Soft power, according to Nye, ‘arises from the attractiveness of a country’s

culture, political ideas, and policies’.34 This section follows Nye in subdivid-

ing soft power resources into his three major categories. For these assets to

function in the way Nye describes, they must (i) produce an attraction, and

(ii) this attraction should help a given state in its pursuit of foreign policy

goals. To explore whether or not this is the case, this section examines each

of Nye’s three categories of soft power resources.

Culture

Culture might seem an amorphous concept, but the empirical examples

Nye offers are clear indicators of what he regards as representative. His

analysis as it pertains to the United States in particular focuses on academic

and other cultural exchanges (high culture) as well as on popular culture

(low culture). The question, therefore, is to what extent these are sources of

attraction.

When considering academic institutions as a source of soft power, it is

difficult to parse out attraction from other possible mechanisms.
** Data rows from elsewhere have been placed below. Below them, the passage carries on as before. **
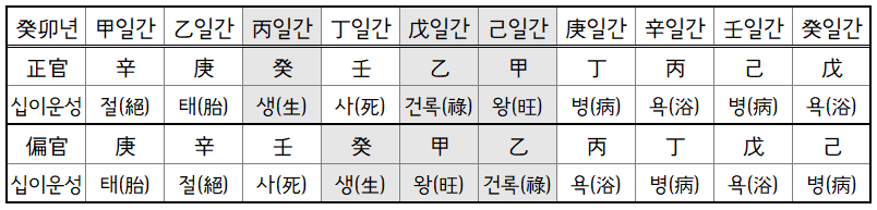 십이운성을 정관과 편관으로 확인해보면 언제 남자운이 힘을 받을지를 알 수 있습니다.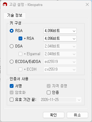 인증서의 암호화 방식을 선택하고 하단의 서명 옵션을 활성화한다. 인증서의 유효기간을 커스터마이징 할 수 있는데 한 곳에 박아두고 계속 쓸거면 기간 설정을 하지말자.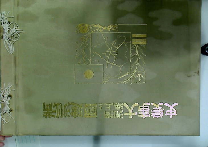 Description: 213 paginated leaves, oversized oblong album, hardback bound in silk with gilt lettering, silk a little worn at edges but still intact, binding tight, contains many illustrations of the military campaign in China, illustrated throughout, captions to illustrations in English and Japanese, well preserved, a few pages seem to have come detached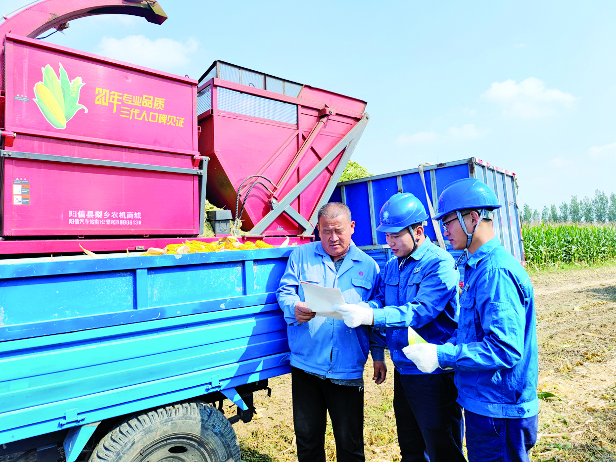 眼下正值秋收季节,为保障辖区秋收期间用电安全、稳定,国网阳信县供电公司制定详细保电计划方案,组织工作人员走进田间地头,积极开展送安全、送服务、送技术等系列活动,多措并举保障秋粮生产供电需求,用实际行动服务农户秋收,电靓乡间好“丰”景。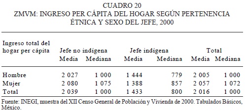 Los datos de ingreso tomados de la muestra no están presentados en salarios mínimos y, por lo mismo, la comparabilidad en el tiempo puede ser complicada. Sin embargo, las cifras de los cuadros 19 y 20 muestran que los jefes de hogar indígenas percibían, cuando se levantó el censo del 2000, salarios aproximadamente 30 por ciento más bajos que los que recibían los no indígenas. En el caso de las mujeres indígenas, jefas de hogar, el diferencial era de 35 por ciento con respecto a lo que ganaban las jefas de hogar no indígenas. Ello, a pesar de que, como ya se vio a nivel individual, los indígenas aparentemente ocupan las mismas posiciones en el trabajo que los no indígenas aun y cuando sí hay cierto mayor porcentaje de indígenas empleados como jornaleros y peones, y un número de indígenas menor que el de no indígenas declararon ser patrones. Si la mayoría de los jefes de ambos grupos declaran tener trabajos similares, es obvio que a los indígenas se les paga una cantidad menor por el mismo trabajo desempeñado. Aunque esto también podría tener que ver con su menor nivel de escolaridad relativo respecto de los no indígenas, como se verá más adelante.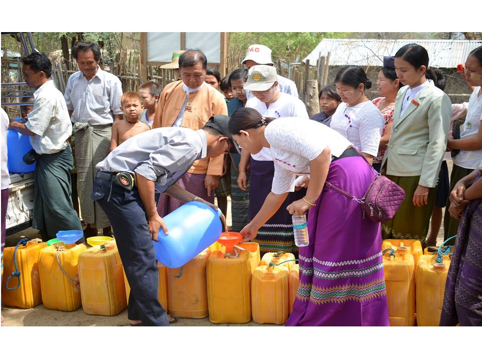 "အခုနွေရာသီမှာ သောက်သုံးရေပြတ်လပ်တဲ့ ဘယ်ကျေးရွာမဆို ကျွန်မတို့ဌာနကို အကြောင်းကြားပေးပါ၊ အရောက်လာပြီးတော့ အကူအညီပေးသွားမှာပါ အခုကျေးရွာမှာလဲ အဝီစိတွင်းတွေရှိပေမယ့် ရေထွက်အား နည်းနေတဲ့အတွက် ပညာရှင်တွေခေါ်ပြီး စစ်ဆေးပြီးတော့ အကောင်းဆုံးဖြစ်အောင် လုပ်ဆောင်ပေးသွားမှာပါ" ဟု မြို့နယ်ကျေးလက်ဒေသ ဖွံ့ဖြိုးတိုးတက်ရေး ဦးစီးဌာနမှ မြို့နယ်ဦးစီးမှူး ဒေါ်ခင်စိုးဝင်းကပြောသည်။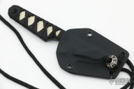 This Tanto Dashi by Sam Eddleman has a DLC chisel ground tanto blade with .131" blade stock, .951" depth. The handle has black Ito wrap over white stingray skin. . Comes with two kydex sheaths. Excellent condition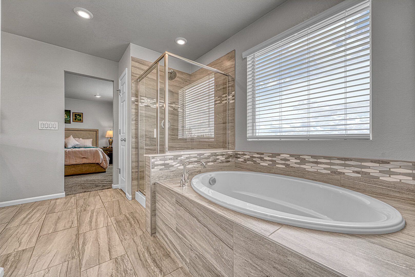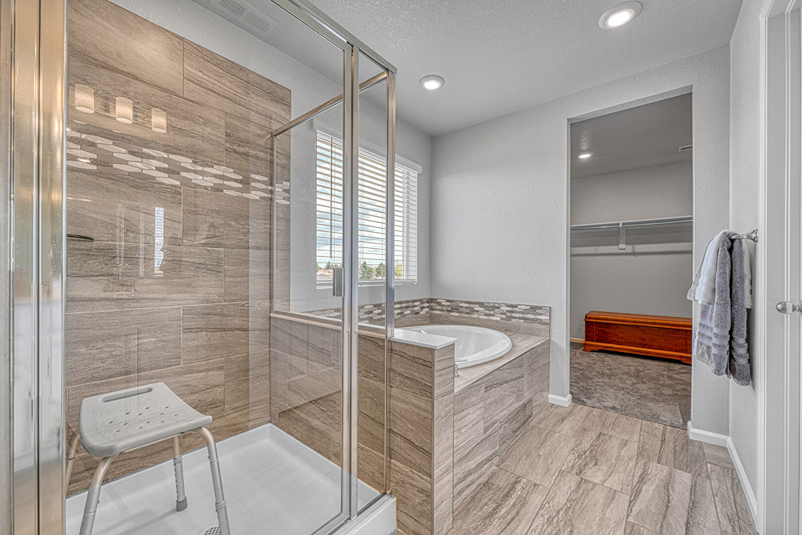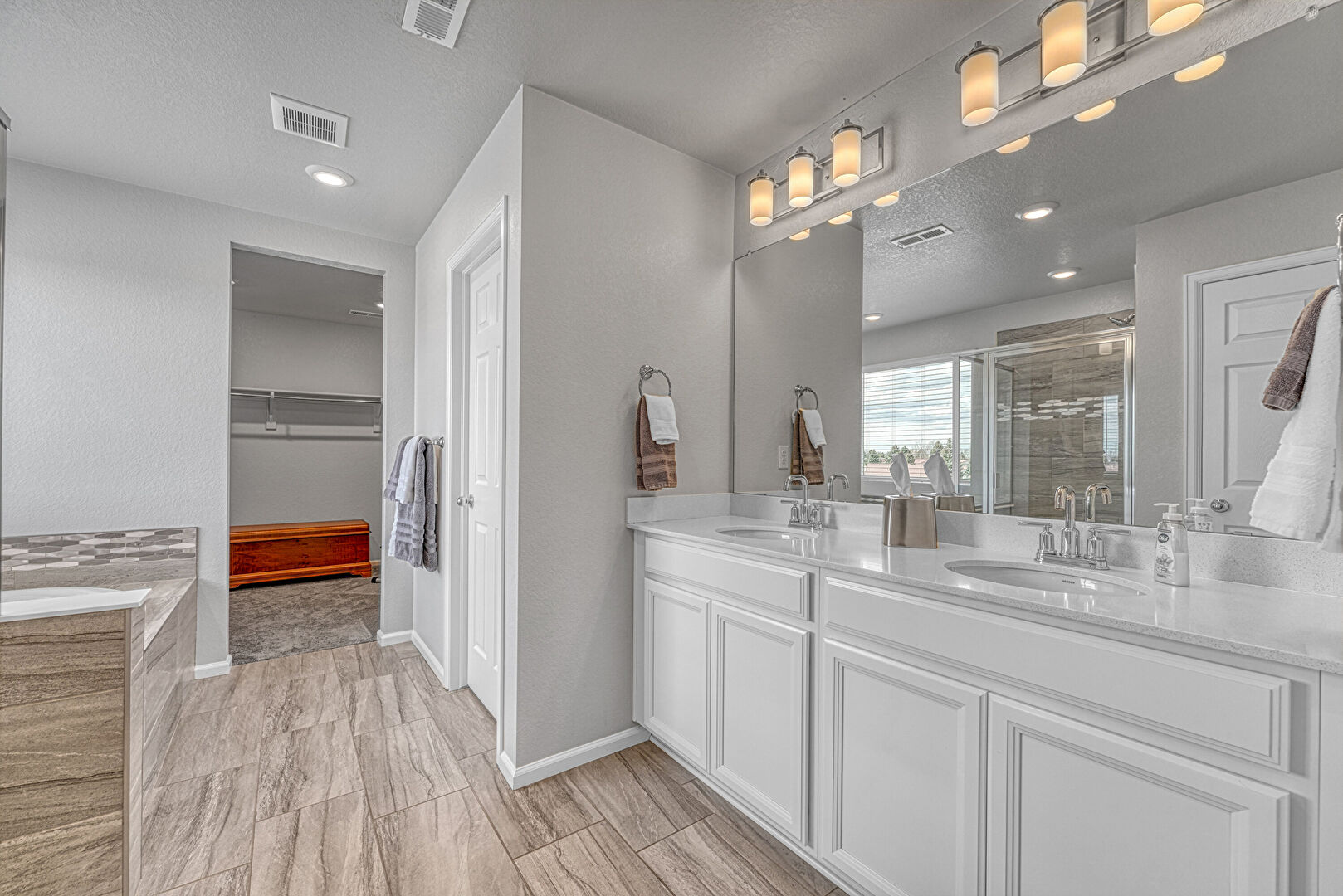 Baseboards Wall, Double Vanity, Drywall, Ensuite Bathroom, Full Bathroom, Natural Light, Recessed Lighting, Textured Ceiling, Vent, Walk In Closet, Natural Light, Textured Wall, Walk In Closet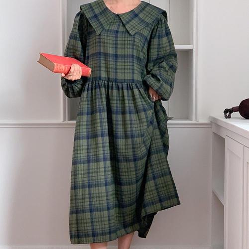 [옷자락] 여자 러블리 박시 임부복 빅카라 체크 퍼프 롱원피스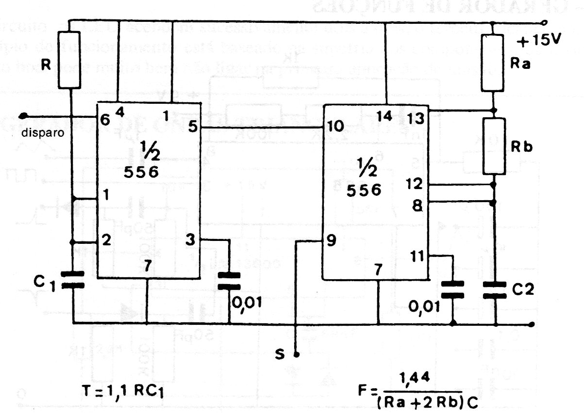 The frequencies and intervals of the signals generated by this circuit are determined by the formulas next to the diagram. The circuit is from an old manual of linear integrated circuits and makes use of PLL integrated well known at the time.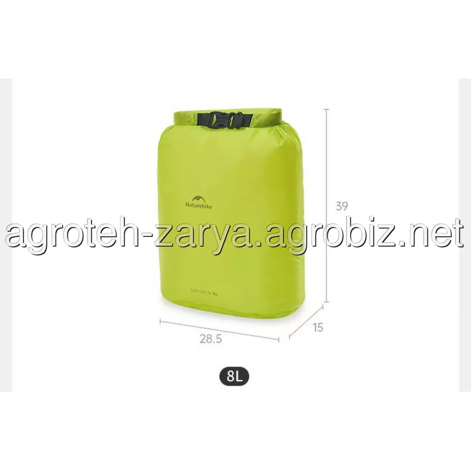 Об'єм гермомішка Naturehike CNK2550XB012 складає 8 л, чого достатньо для зберігання найважливіших дрібниць під час походів, велопрогулянок та подорожей.

The desire

to study abroad might have less to do with attraction to a state’s ‘culture’,

understood in the broadest sense, and be more a reflection of the brand

status and resources of that state’s academic institutions. From the perspec-

tive of career advancement alone, there are strong enticements to study at a

university recognized as being at the cutting edge of research, or that has

high name recognition. What is more, the location of a university may be

importantly correlated to its ability to access resources through connections

to domestic business and science sectors. Couple the above factors with the

path dependent effects of reputation for acquiring talent and it becomes

obvious that there are many reasons other than culture for selecting a

specific university. Statistics appear to support this proposition. The top

three most popular fields among foreign students in the United States are

34 Joseph Nye, Soft Power, p. x.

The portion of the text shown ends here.